YOUR GOAL:
Any picture must be dropped, but each line of the data should be duplicated exactly.

SOURCE DATA:
☆ ☆ ☆
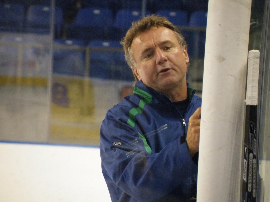 Rick Bowness, assistant coach of the Vancouver Canucks of the National Hockey League
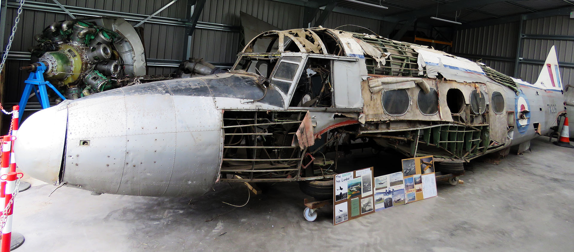 Avro Anson Mk.C19 No.TX266 on display whilst under renovation at Montrose Air Station Heritage Centre
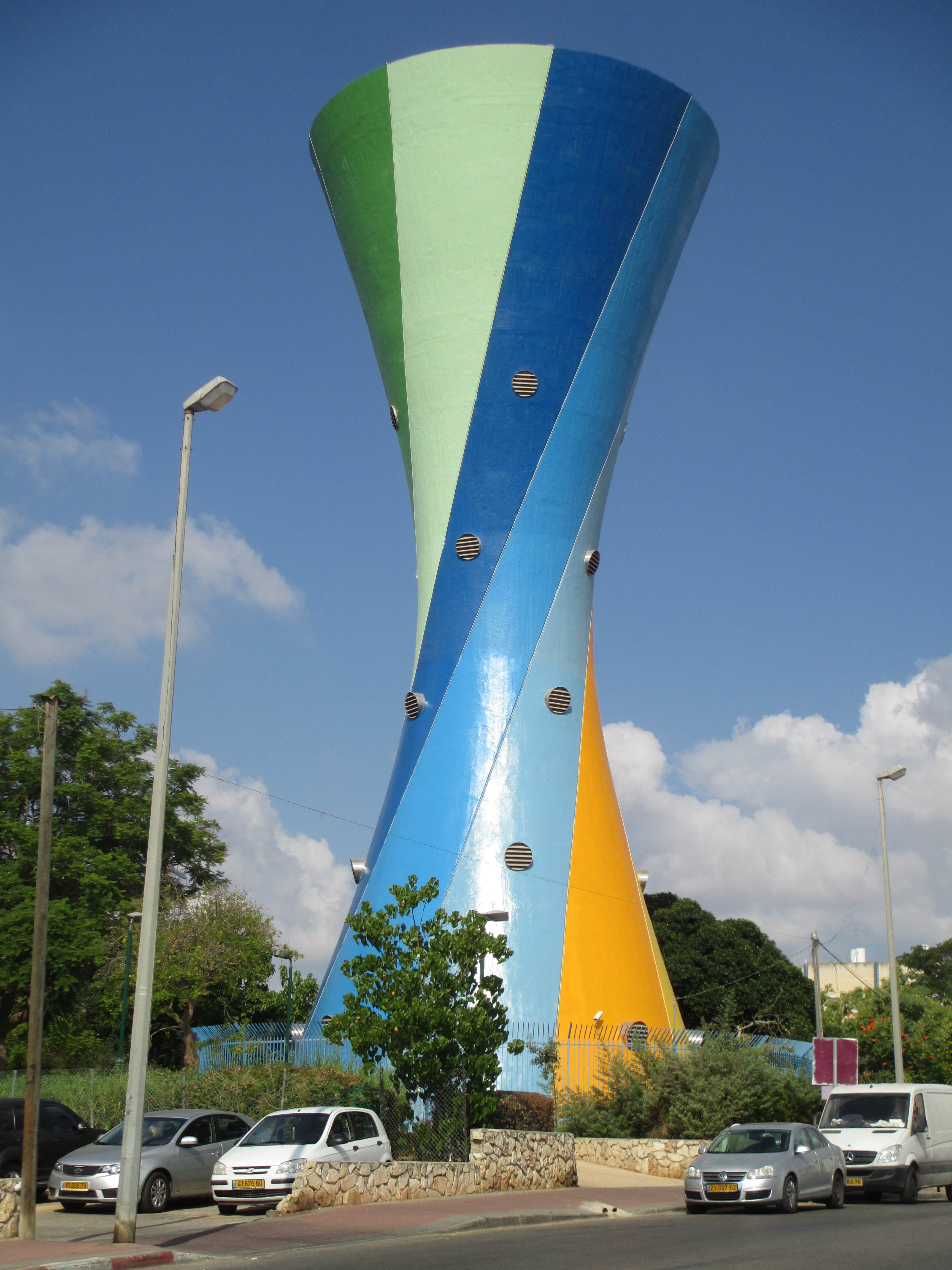 מגדל המים בשכונת רביבים בראשון לציון
☆ ☆ ☆
EXPECTED ANSWER:
 Rick Bowness, assistant coach of the Vancouver Canucks of the National Hockey League
 Avro Anson Mk.C19 No.TX266 on display whilst under renovation at Montrose Air Station Heritage Centre
 מגדל המים בשכונת רביבים בראשון לציון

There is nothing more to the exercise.